А сестра с улыбкой детской радости оглядывала всех вокруг вопрошающим взором, видя всеобщее изумление, как будто перед новым нарядом, как будто она надела новое платье и спрашивала: "Тебе нравится? Вам нравится? Это всецело мое изобретение".

- Когда я жила, - тихо промолвила она, - здесь в этот час играла музыка. Ты не помнишь, Ванина?

- Я помню, - вмешался Альдо, двигая в воздухе пальцами левой руки, как при игре на виолончели. - Может быть, моя большая виола еще заперта в этом шкафу.

Рисунок потолка был тоньше, чем филигранная работа; в середине был герб с двумя орлами и тремя золотыми лилиями. Вдоль стен стояли шкафы для инструментов и нотных таблиц и висели изображенные на дереве старинные инструменты - клавесины, виола, арфа, "дольчемеле" и "вирджинале"; а между ними висели странные изображения дворцов и садов, как бы с целью обозначить несуществующие места, к которым стремится душа и летит на струях мелодии даже из самых веселых мест земного шара. И здесь также на маленьких деревянных флажках, оказалось, стояло то же самое сладостное имя.

- Конечно, твоя виола здесь, - подтвердила чаровница, пристально устремив куда-то взор. - Я ее вижу как тебя, Альдо. Я всегда завидовала ее красно-коричневому цвету - мне бы такие волосы иметь! Ах, если бы ты мог отыскать хоть одну ноту, которая напоминала бы ее! А эти желтоватые пятна лака на боках, которые были прозрачнее амбры! А посередине нижней деки эти золотые полоски, сочные и нежные как, шея тропической птицы! Нижняя часть грифа у нее светлая, отполированная движением твоей руки.
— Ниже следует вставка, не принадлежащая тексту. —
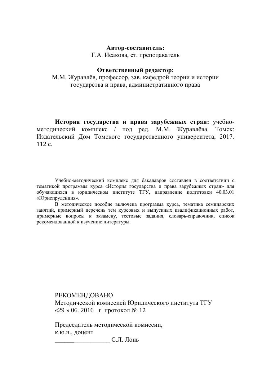 Учебно-методический комплекс для бакалавров составлен в соответствии с тематикой программы курса «История государства и права зарубежных стран» для обучающихся в юридическом институте ТГУ, направление подготовки 40.03.01 «Юриспруденция». В методическое пособие включена программа курса, тематика семинарских занятий, примерный перечень тем курсовых и выпускных квалификационных работ, примерные вопросы к экзамену, тестовые задания, словарь-справочник, список рекомендованной к изучению литературы.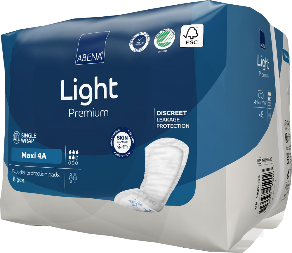 - Beschreibung ABENA Light MAXI 4A - Inkontinenz Einlagen für Frauen bei mittlerer Blasenschwäche Die ABENA Light Produkte sind speziell a… Mehr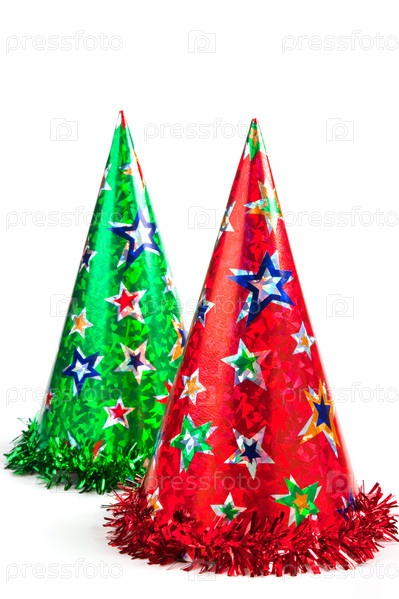 Блестящие праздничные колпаки на белом фоне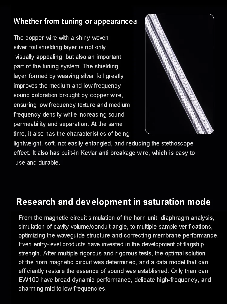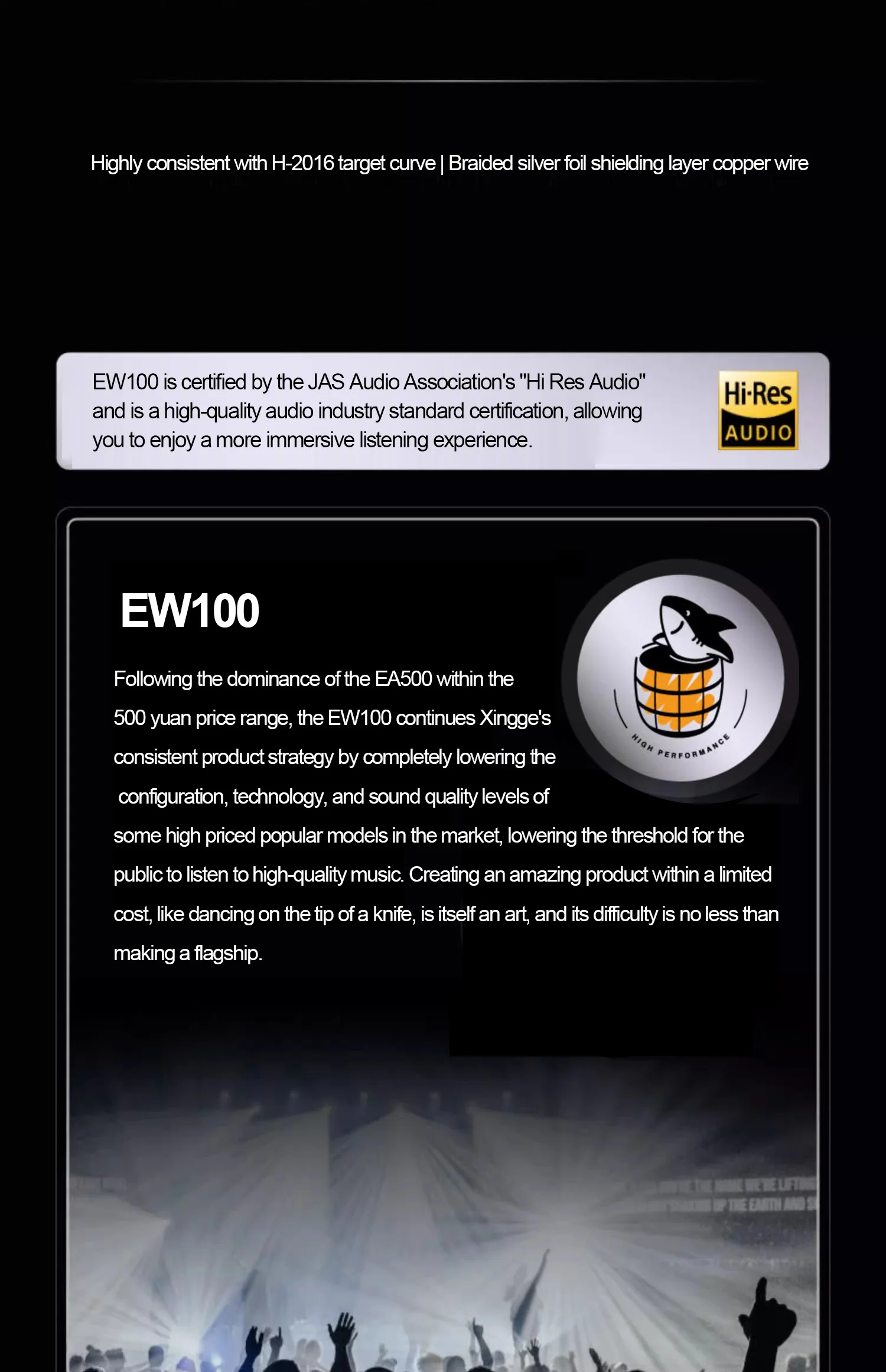 EW100 have broad dynamic performance, delicate high-frequency, and charming mid to low frequencies.
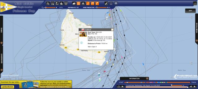 Strona regat jest tu: http://www.portalzeglarski.com/polonezcup_regaty_poloneza.html, na miejscu od razu tracking za pomocą urządzeń Yellowbrick (super pomysł i bardzo fajnie działa), bezpośredni link do trackera http://yb.tl/polonez2012. Pierwszy jacht ma jeszcze 64 Mm do mety (Delphia 40 ELJACHT, Jerzy Jankowski). Dużo pięknych zdjęć autorstwa Marka Wilczka (pozdrawiamy) na stronie regat oraz na Fb.

- Мориччика, а какая у тебя была чудная лютня, которой ты себе аккомпанировала! - воскликнул юноша, увлекаясь все более и более. - Ящик у нее был сработан, как киль у корабля, из чередующихся полос дерева, то светлого, то темного, и был легче, чем чашка весов орехового дерева. А проколы в ней были такие тонкие, что еле-еле проходил через них солнечный луч, если, желая прочесть на дне ее имя знаменитого мастера, ее поставить против света.

Они стояли, прислонившись к шкафам, предаваясь таинственному забытью. Все как будто превратилось в музыку, и последняя связала с неизмеримой далью эту тесную комнату, в которой жила некая древняя душа. Разве не от звона колоколов побелело небо, истощенное слишком долгим сиянием своим? В промежутках доносился из болота хор лягушек; а от этих звуков, казалось, побелели самые воды. И была повсюду белизна и замирание; еще не заметны были покровы вечера, текшего к ним по реке забвения, хотя верхушки ив начали уже окутываться тенью.

- Это небо, Альдо, приводит мне на память слова из посвящения к одной книге, которую ты мне показал, Книге Кантат - она была, быть может, посвящена мне, когда я жила. Ты помнишь их?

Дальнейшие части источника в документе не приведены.